For most youth athletes, a coach serves as more than just an educator of a given sport. And for most coaches, a lot of pride is taken in helping their athletes grow both on and off of the courts, fields, pools, etc. where they do their coaching. Relationships with coaches can last a lifetime for many young athletes, and though COVID-19 certainly isn’t doing the sports world any favors, it isn’t making it impossible for those coach/player relationships to continue to grow.
This growth is even more important for students, as remote classrooms result in some one-on-one time with teachers being more difficult to come by. Here are a few ways coaches can continue, and even elevate their roles, during the COVID-19 lockdowns.
Delivering the Message!
In order to be a great coach, you have to be able to coach! COVID-19 may have limited, or even completely shut down, any sort of face-to-face rendezvous with you team, but online outlets for keeping the squad together are aplenty. Zoom has been the talk of the pandemic as far as online gatherings go, and it’s a good choice for coaches, too. It’s screensharing capabilities allow a single user (generally the coach in this example) to share their screen with the entire group. This can mean reviewing a playbook or film, watching a movie like Remember the Titans “together,” or being the hub of an online team building game.

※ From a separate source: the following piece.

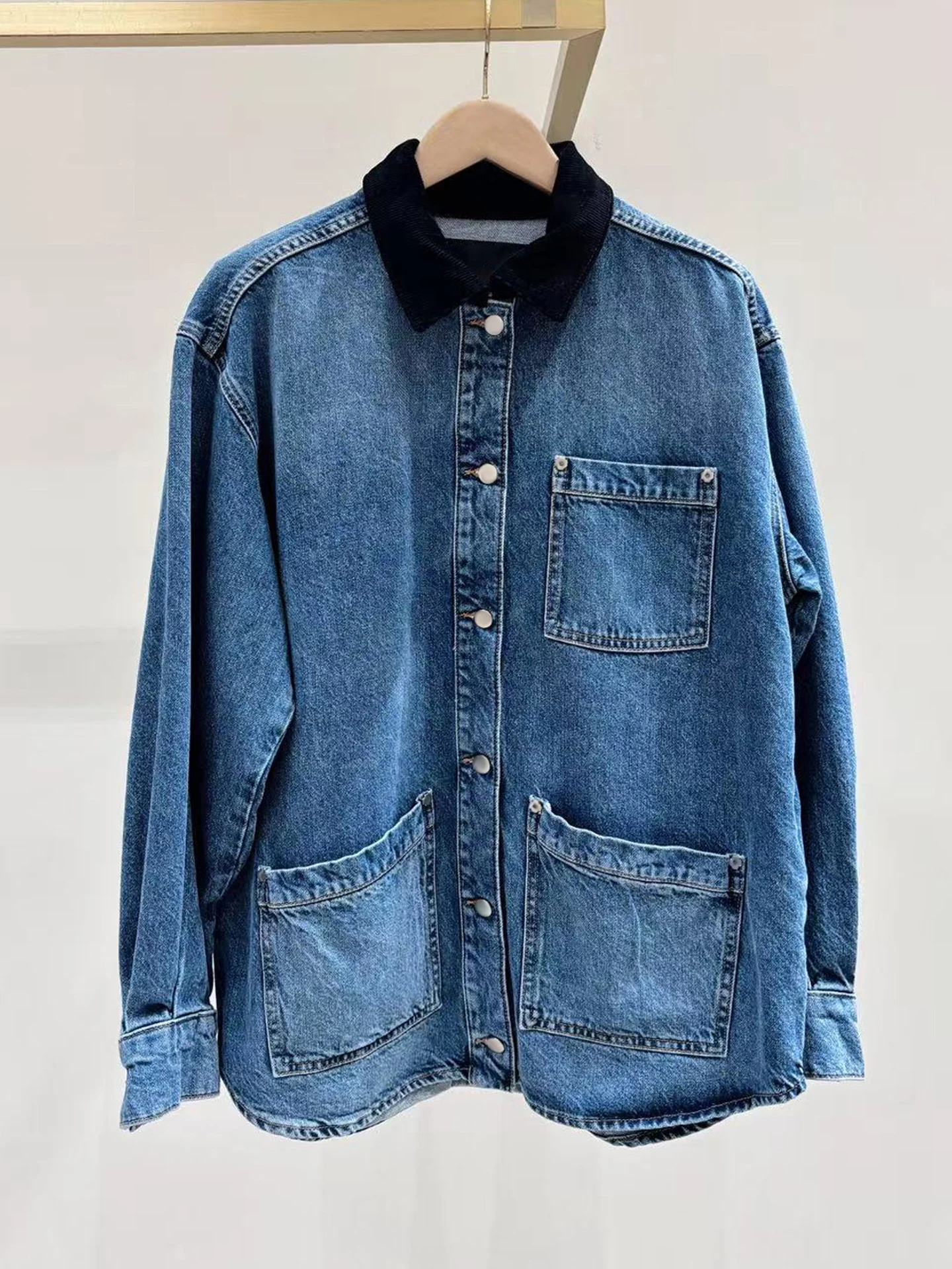 M Home Southern Oil High End Women's Fashion Autumn Small Audience Design Washed Vintage Collar Deni...

In addition to digital versions of classic games like trivia and chess, online scavenger hunts are great ways to branch off and use the internet as a means of knowledge building, as it was once intended long ago! There are also many apps that, if your players have the means, can be downloaded and add to the “together” feel that is quite distant right now.
Positive deviance is nothing new in the sports world, or the learning world in general, but with so much negativity in the media (and at home, for many), focusing on some good things is more important than ever. COVID has caused peaks in stress and anxiety among teens due to the legitimate fear of the unknown, and the constant changes that are taking place in dealing with the pandemic. Cue positive deviance.
In a nutshell, positive deviance is the practice of seeing someone do something well and mimicking it. Some of the best coaches of all time practice positive deviance with their players, and any good coach should practice it when developing their own coaching strategies. With youngsters in the coronavirus world, positive deviance is twofold, as it starts by showing the kids something done right that they can look up to. Effective leadership starts with leading by example, and positive deviance is just that: sharing examples of things that work, and when it comes to videos of speeches or great performances, a remote setting serves as a great one.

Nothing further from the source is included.